CebaBaby dropshipping via API with DroFX.pptxCebaBaby dropshipping via API with DroFX.pptx
CebaBaby dropshipping via API with DroFX.pptx
 
Call Girls Hsr Layout Just Call 👗 7737669865 👗 Top Class Call Girl Service Ba...
Call Girls Hsr Layout Just Call 👗 7737669865 👗 Top Class Call Girl Service Ba...Call Girls Hsr Layout Just Call 👗 7737669865 👗 Top Class Call Girl Service Ba...
Call Girls Hsr Layout Just Call 👗 7737669865 👗 Top Class Call Girl Service Ba...
 
April 2024 - Crypto Market Report's Analysis
April 2024 - Crypto Market Report's AnalysisApril 2024 - Crypto Market Report's Analysis
April 2024 - Crypto Market Report's Analysis
 
Call Girls In Shalimar Bagh ( Delhi) 9953330565 Escorts Service
Call Girls In Shalimar Bagh ( Delhi) 9953330565 Escorts ServiceCall Girls In Shalimar Bagh ( Delhi) 9953330565 Escorts Service
Call Girls In Shalimar Bagh ( Delhi) 9953330565 Escorts Service
 
ELKO dropshipping via API with DroFx.pptx
ELKO dropshipping via API with DroFx.pptxELKO dropshipping via API with DroFx.pptx
ELKO dropshipping via API with DroFx.pptx
 
Junnasandra Call Girls: 🍓 7737669865 🍓 High Profile Model Escorts | Bangalore...

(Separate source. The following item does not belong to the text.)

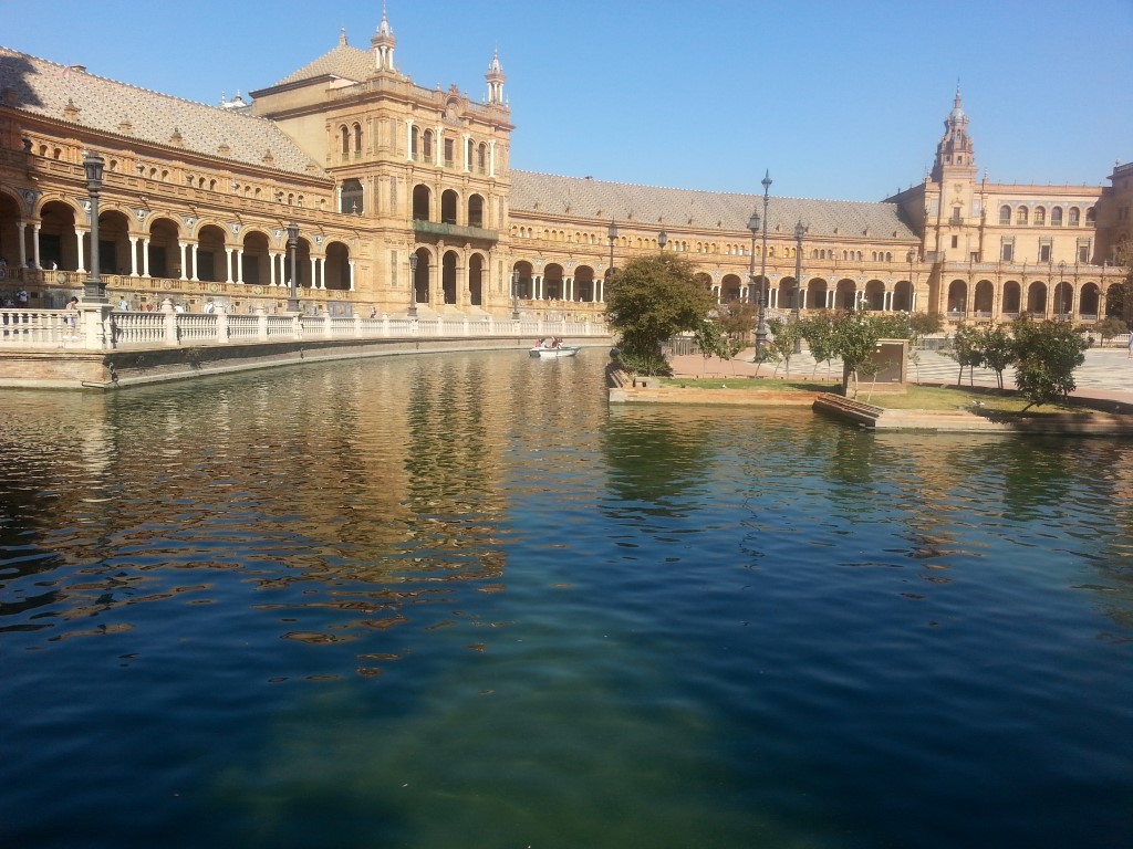 We walked a few blocks to the Plaza de Espana and the adjoining Parque de Maria Luisa. The Plaza was built for the 1929 Exposicion Iberoamericana and has fountains, mini-canals with boats for hire and a huge curved brick & tile building showcasing Seville tilework. It was a hot day and we opted to sit under a huge Australian Grevillea Robusta in the park rather than walk around the Plaza. Then we headed back to the car via the river. We’re listening to the audiobook of Ken Follet’s Column of Fire, Part 3 of his Kingsbridge series, and the Rio Guadalquiver is mentioned several times as an important asset to Seville because ships were the main form of transport to and from the city. It has silted up over the centuries, but is still an impressive body of water.

Junnasandra Call Girls: 🍓 7737669865 🍓 High Profile Model Escorts | Bangalore...Junnasandra Call Girls: 🍓 7737669865 🍓 High Profile Model Escorts | Bangalore...

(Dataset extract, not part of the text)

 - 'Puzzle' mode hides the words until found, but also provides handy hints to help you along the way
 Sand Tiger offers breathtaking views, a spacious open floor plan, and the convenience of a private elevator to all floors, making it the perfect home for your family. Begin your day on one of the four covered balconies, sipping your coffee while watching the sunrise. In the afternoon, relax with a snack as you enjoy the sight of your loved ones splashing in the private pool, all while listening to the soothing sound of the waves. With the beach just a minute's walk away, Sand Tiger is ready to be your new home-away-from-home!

Junnasandra Call Girls: 🍓 7737669865 🍓 High Profile Model Escorts | Bangalore...
 
(NEHA) Call Girls Katra Call Now 8617697112 Katra Escorts 24x7
(NEHA) Call Girls Katra Call Now 8617697112 Katra Escorts 24x7(NEHA) Call Girls Katra Call Now 8617697112 Katra Escorts 24x7
(NEHA) Call Girls Katra Call Now 8617697112 Katra Escorts 24x7
 

MapR 5.2: Getting More Value from the MapR Converged Community Edition

  • 1. © 2016 MapR Technologies© 2016 MapR Technologies MapR 5.2: Getting More Value from the MapR Converged Community Edition Sep 14, 2016
  • 2. © 2016 MapR Technologies Today’s Presenters Deborah Littlefield Technical Curriculum Developer Ankur Desai Sr. Manager, Platform and Products
  • 3. © 2016 MapR Technologies 3 Today’s Agenda • Recent updates to the MapR Converged Data Platform • Latest Ecosystem Support in MapR 5.2 • How to upgrade to the latest version of the Community Edition • Q&A
  • 4. © 2016 MapR Technologies 4 The MapR Converged Data Platform
  • 5. © 2016 MapR Technologies 5 4 Major Additions to the MapR Platform in the past 12 months • Taking cluster monitoring to the next level with the Spyglass Initiative • Real-time streaming with MapR Streams • MapR-DB JSON document database and application development with OJAI • Securing your data with access control expressions (ACEs)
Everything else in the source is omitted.